Provided material:

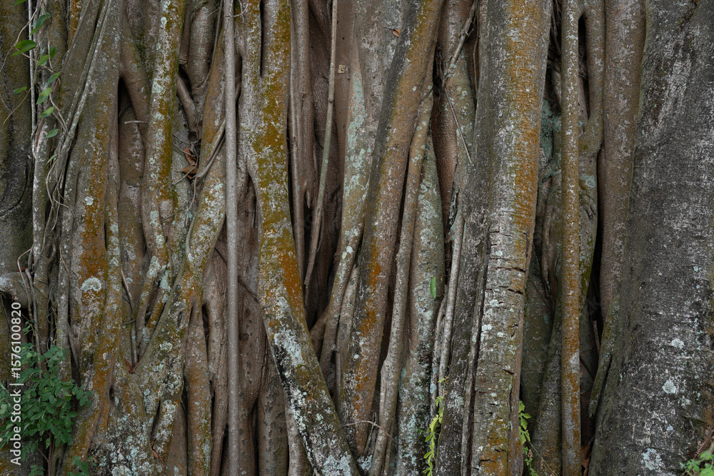 Majestic sandstone rock formations in dense pine forest under clear blue sky
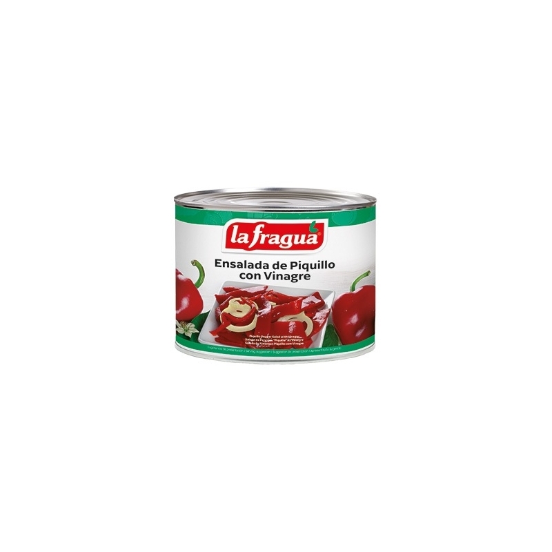 Ingredientes: pimiento piquillo, cebolla, agua, azúcar, sal, vinagre de alcohol y acidulante: E-330.
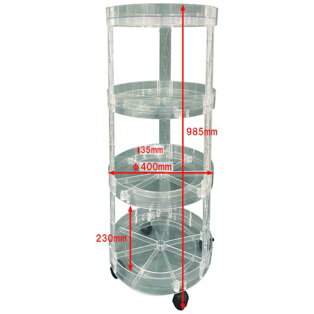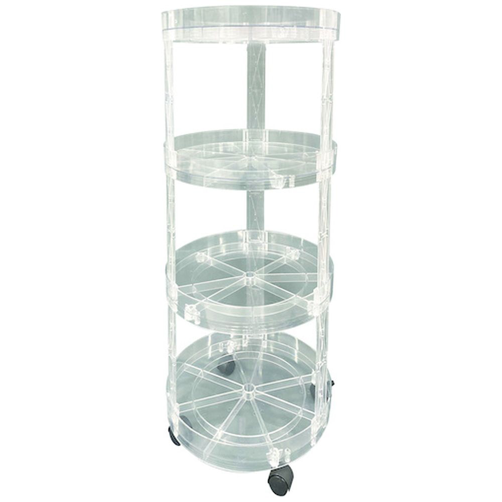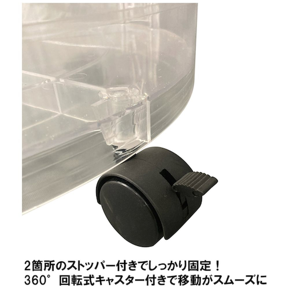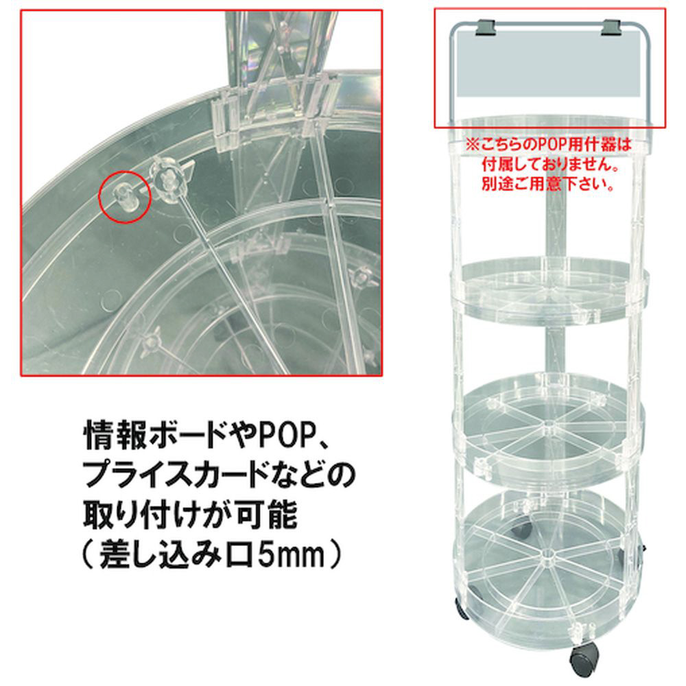 360度回転キャスター付きの軽量樹脂ラック。クリア素材で場所を選ばず、お店やご家庭でマルチに活躍します。POP取り付けも可能です。
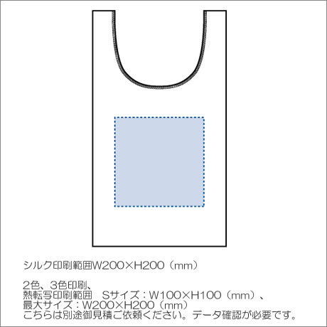 2色、3色印刷、熱転写印刷範囲 Sサイズ:W100×H100(mm)、最大サイズ:W200×H200(mm) こちらは別途御見積ご依頼ください。データ確認が必要です。 |

Work to complete: Set down the material again exactly. Don't carry over any pictures.

Task output:
 Majestic sandstone rock formations in dense pine forest under clear blue sky
 Ingredientes: pimiento piquillo, cebolla, agua, azúcar, sal, vinagre de alcohol y acidulante: E-330.
 360度回転キャスター付きの軽量樹脂ラック。クリア素材で場所を選ばず、お店やご家庭でマルチに活躍します。POP取り付けも可能です。
 2色、3色印刷、熱転写印刷範囲 Sサイズ:W100×H100(mm)、最大サイズ:W200×H200(mm) こちらは別途御見積ご依頼ください。データ確認が必要です。 |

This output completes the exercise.